Thank you for the Retail Box of Turtle wax Black Box...

From... Vicky @ Turtle Wax Limited... Thank You Vicky and sorry for not getting this tested Sooner...:wall:

I feel especially Blessed as Turtle Wax as a rule, do not Send out Products for testing to sites such as Detailing World and never to individuals.

However as im Special...:lol: Well a Pest, Vicky Relented and Possibly to shut me up, Sent The Turtle Wax Black Box i Requested...

So Packaging and labelling...



















Instructions...










Contents...










Nice spread all you could need for application apart from Gloves....:wall:
Yes You Do Need Gloves...

Nip out for some from the Petrol Pumps...:lol:

Gloves are a pre requisite every bottle in this kit is colour charged...

Black Pigmented Cleanser... whats that all about a cleanser that stains...??
Black Carnauba Blended Wax...
Black Spray detailer... yes the bottle is clear that shows how Pigmented the QD is...:lol:

Now the Contents,

Black Pre wax Cleaner 300ml scales read 390 grams.
Black Carnauba Blend Wax 300ml scales read 353 grams.
Black Spray Detailer 500ml scales read 577 grams.
Applicator Cloth for use with Black Pre-Wax Cleaner x1. White...
Sponge Applicator for use with Black Carnauba Blend wax x1. Nice Black Turtle wax foam pad...:thumb:
Microfibre cloth for use with Black Spray Detailer X2... One is a light Grey the other a darker Grey.

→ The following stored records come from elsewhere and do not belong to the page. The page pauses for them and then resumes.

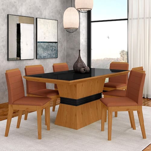 Conjunto Mesa De Jantar 6 Cadeiras Nairóbi Cinamo/preto/terracota - Ma - Marrom
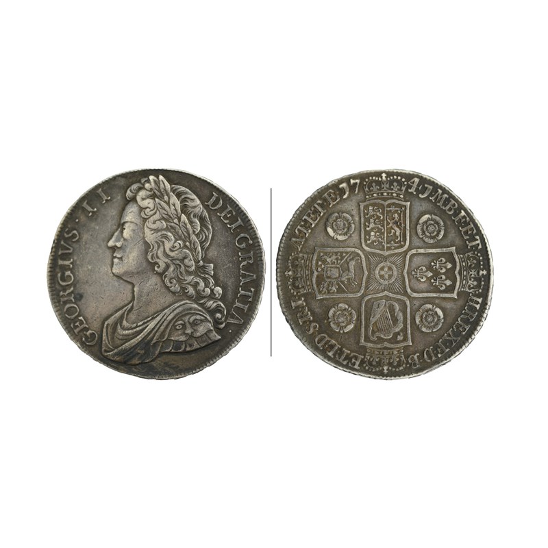 George II, silver crown, 1741, young bust, rev. roses in angles, edge DECIMO QVARTO (S 3687), good
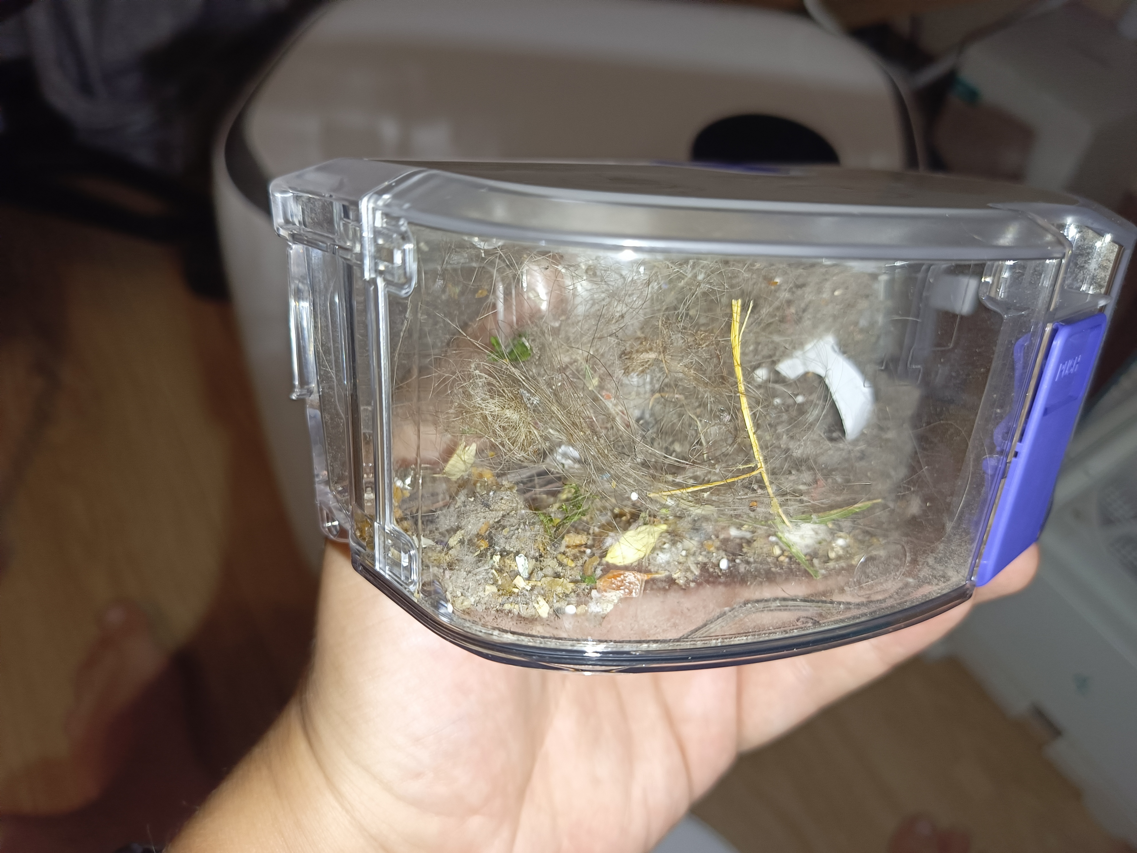 С приложением разобрались, теперь по поводу самой уборки. Сразу скажу, что пылесос убирает просто безупречно. Весь мусор, который даже невиден, он находит и собирает в контейнер. Система от наматывания волос на основную щетку работает, и, как вы видите, все волосы собраны в контейнере, а на самой щетке ни одной волосинки. Я как обладатель второго пылесоса с классической щеткой примерно каждые две уборки брал ножницы, доставал щетку и срезал их. Очень неудобно и непрактично. Теперь я забыл об этой проблеме.
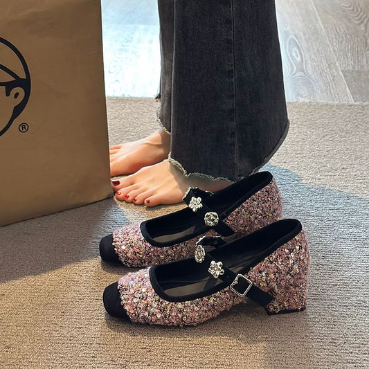 Chunky Mary Heel Metal Accent Sequin Jane Pumps
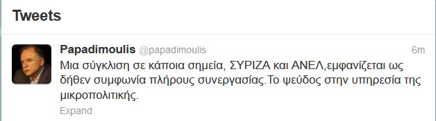 “Μια σύγκλιση σε κάποια σημεία, ΣΥΡΙΖΑ και ΑΝΕΛ, εμφανίζεται ως δήθεν συμφωνία πλήρους συνεργασίας .Το ψεύδος στην υπηρεσία της μικροπολιτικής”, ήταν το σχόλιο του βουλευτή του ΣΥΡΙΖΑ στο twitter.
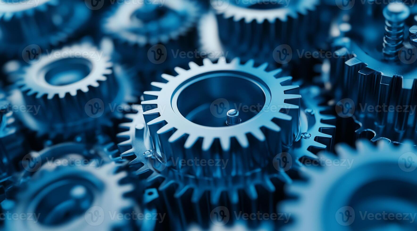 A closeup view of intricately interlocked blue metal gears, which symbolize the essential elements of teamwork, precision, and careful mechanical engineering in advanced machinery and automation Pro Photo
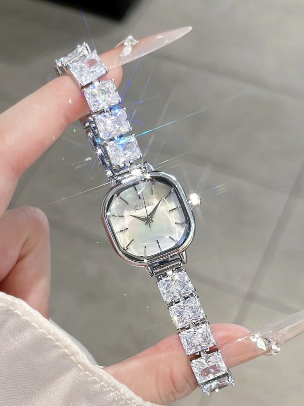 分享几只bling bling的手表~ 表盘很精致大小刚刚好 小蛮腰表带显得手腕hin细 颜色搭配的也都蛮漂亮的 白色这只比较简约适合通勤 粉色的就很甜美可以搭小裙子 祖母绿就是很提气质的那种 我觉得各有千秋大家按自己的风格选就好啦
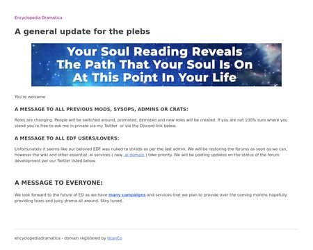 I just want to make it known that people will often use this wiki as a weapon. If they don't like you, they'll threaten to make a page about you here and when somebody does, reporting it to the administrators is pointless because they will do absolutely nothing. Harassment is a very common result of having an article written against you, but in response, the admins and their userbase will just tell you that "ED is not your personal army" even though that is exactly what it's become over the years.

Apart from no gloves a very well thought out pack...:thumb:
However please note all instructions are on the main Box, nothing about use on the wax or the cleaner Bottles, apart from keep away from children.
The Detailer does have some instructions but just to say to spray on panel or cloth to remove the wax or the cleanser.

So Curly swirly Bonnet...










First up Black pre wax Cleanser... Now for me a cleanser implies removal of contaminants... not to dye something...
It could well help strip anything prior to aplication of the Wax Blend, and as a bonus leave some pigment behind?

Pop top but need's unscrewing first to remove the foil seal from the bottle first, then screw pop top back on.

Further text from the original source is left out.